What needs to be done:
In the records below, the line with "SUSPENSE n°15 (15.4.1964)" opens the range and the line with "Attendance at Meetings" closes it; print that range exactly and nothing else.

Dataset:
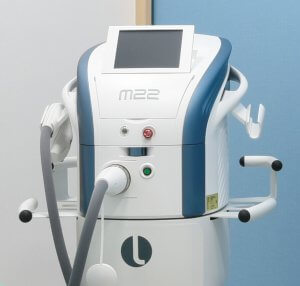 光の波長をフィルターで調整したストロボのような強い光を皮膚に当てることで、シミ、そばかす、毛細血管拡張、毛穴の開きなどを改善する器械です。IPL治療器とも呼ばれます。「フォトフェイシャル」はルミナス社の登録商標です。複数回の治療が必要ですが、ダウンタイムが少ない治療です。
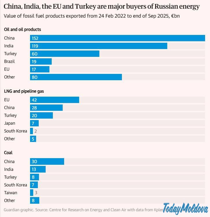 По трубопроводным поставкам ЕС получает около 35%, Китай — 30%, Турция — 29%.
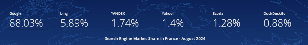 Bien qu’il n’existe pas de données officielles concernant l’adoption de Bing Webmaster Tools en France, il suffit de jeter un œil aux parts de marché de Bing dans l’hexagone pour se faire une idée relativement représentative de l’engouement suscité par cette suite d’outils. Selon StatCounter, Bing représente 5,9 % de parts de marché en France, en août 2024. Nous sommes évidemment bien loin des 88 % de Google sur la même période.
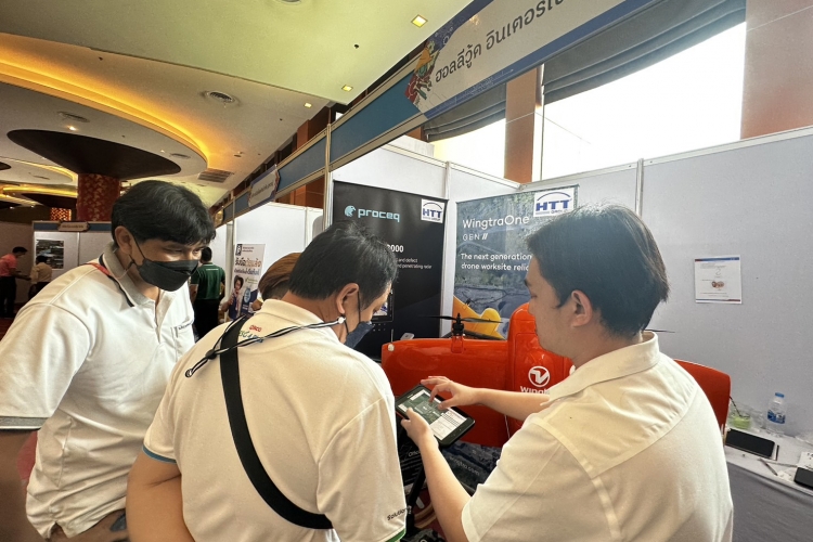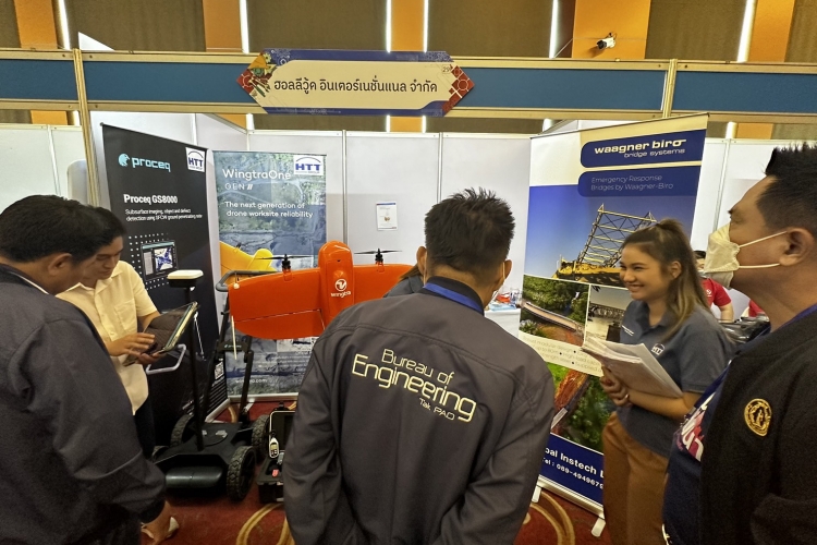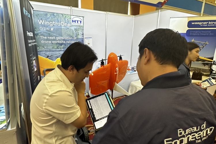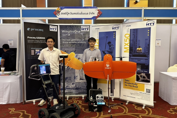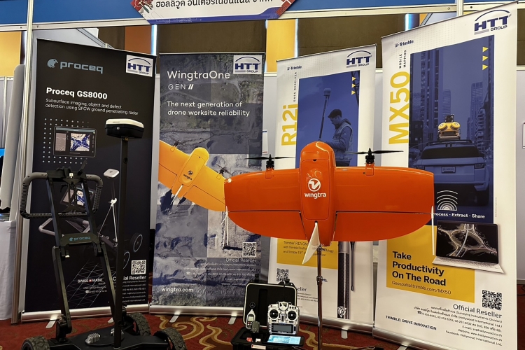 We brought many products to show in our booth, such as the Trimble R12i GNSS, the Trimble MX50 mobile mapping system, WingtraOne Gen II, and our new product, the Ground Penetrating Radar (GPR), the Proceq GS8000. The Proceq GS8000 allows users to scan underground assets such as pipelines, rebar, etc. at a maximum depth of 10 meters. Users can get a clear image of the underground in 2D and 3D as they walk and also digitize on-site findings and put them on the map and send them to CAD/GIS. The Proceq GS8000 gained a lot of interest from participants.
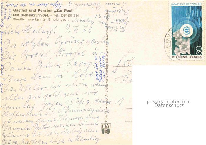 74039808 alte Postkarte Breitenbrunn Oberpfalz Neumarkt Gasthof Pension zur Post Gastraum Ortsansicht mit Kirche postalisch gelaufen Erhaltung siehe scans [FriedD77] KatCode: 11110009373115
--
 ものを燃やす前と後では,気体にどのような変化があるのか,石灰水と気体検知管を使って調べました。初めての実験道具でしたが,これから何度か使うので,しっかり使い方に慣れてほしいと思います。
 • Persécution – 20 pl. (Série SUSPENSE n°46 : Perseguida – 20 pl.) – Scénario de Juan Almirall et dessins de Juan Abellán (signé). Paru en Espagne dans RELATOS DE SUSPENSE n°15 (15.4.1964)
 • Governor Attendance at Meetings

Solution for this problem:
 • Persécution – 20 pl. (Série SUSPENSE n°46 : Perseguida – 20 pl.) – Scénario de Juan Almirall et dessins de Juan Abellán (signé). Paru en Espagne dans RELATOS DE SUSPENSE n°15 (15.4.1964)
 • Governor Attendance at Meetings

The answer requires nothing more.